I have worked on my share of complicated projects/products (Tuxedo, the Unix kernel, compilers, proxy servers, application servers, and now in-memory data grids). When I think about creeping featurism in projects, several sources come to mind. Some are worse than others, and some lead to outright complexity:
- Well-intentioned engineers optimising existing features. Combined with the requirement of backward compatibility, this leads to real complexity. Managers should ask themselves whether the extra complexity is worth the cost. If it is, old features should be phased out as quickly as possible and customers migrated to new features.
- Product managers adding features for specific customers. Features should be added in as general a way as possible, not just to maximize return on investment, but to limit product complexity. When features are added for the most demanding customer, managers must keep in mind their broader market.
- Product Managers who add features that attempt to address a new market. Like before, product managers must think about how to do this without making life more difficult for customers who want to accomplish simple tasks.
My biggest bugaboo is the first category.

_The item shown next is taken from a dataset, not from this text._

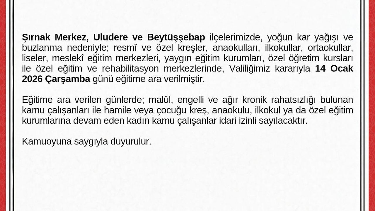 Şırnak Valiliği'nden yapılan açıklamada, yoğun kar yağışı ve buzlanma nedeniyle kent merkezi ile Uludere ve Beytüşşebap ilçelerinde 14 Ocak Çarşamba günü eğitime ara verildiği belirtildi. Açıklamada, 'Şırnak merkez, Uludere ve Beytüşşebap ilçelerimizde, yoğun kar yağışı ve buzlanma nedeniyle; resmi ve özel kreşler, anaokulları, ilkokullar, ortaokullar, liseler, mesleki eğitim merkezleri, yaygın eğitim kurumları, özel öğretim kursları ile özel eğitim ve rehabilitasyon merkezlerinde, Valiliğimiz kararıyla 14 Ocak 2026 Çarşamba günü eğitime ara verilmiştir. Eğitime ara verilen günlerde; malul, engelli ve ağır kronik rahatsızlığı bulunan kamu çalışanları ile hamile veya çocuğu kreş, anaokulu, ilkokul ya da özel eğitim kurumlarına devam eden kadın kamu çalışanları idari izinli sayılacaktır' denildi. (DHA)

Since most software groups I've worked on comprise a set of talented engineers, their first inclination when thinking about how to improve a product is to either improve an existing feature or add a new one. This is perfectly natural, and we usually call this innovation. Who would say innovation is a bad thing?
Yet we also value simplicity of design and ease of use. Too frequently the nature of the aforementioned "innovation" is at the expense of these two values.
We do have at least one mechanism to encourage innovation while limiting complexity and ease of use: Prototypes. Because prototypes are meant to be thrown away, they can be evaluated before inclusion in a product. Only when the prototype meets all goals, including ease of use and simplified design, should the feature be made part of the product.
Furthermore, building a prototype allows cooler heads to prevail; a feature that seemed vitally important six months ago may be unnecessary today.
I have an analogy I like to use for this. In sticking with the banana theme, I'll call it my Banana Cream Pie Theory. After a filling meal, it is never wise to order a Banana Cream Pie. But if you do, it is better to throw it away than eat it.
Great Post! I agree very strongly. Just by slowly accreting features, very good products can turn into large amorphous blobs that nobody can understand.
I also think that backward compatibility is overvalued and lead to horrendous internal complexity and can completely hamstring progress.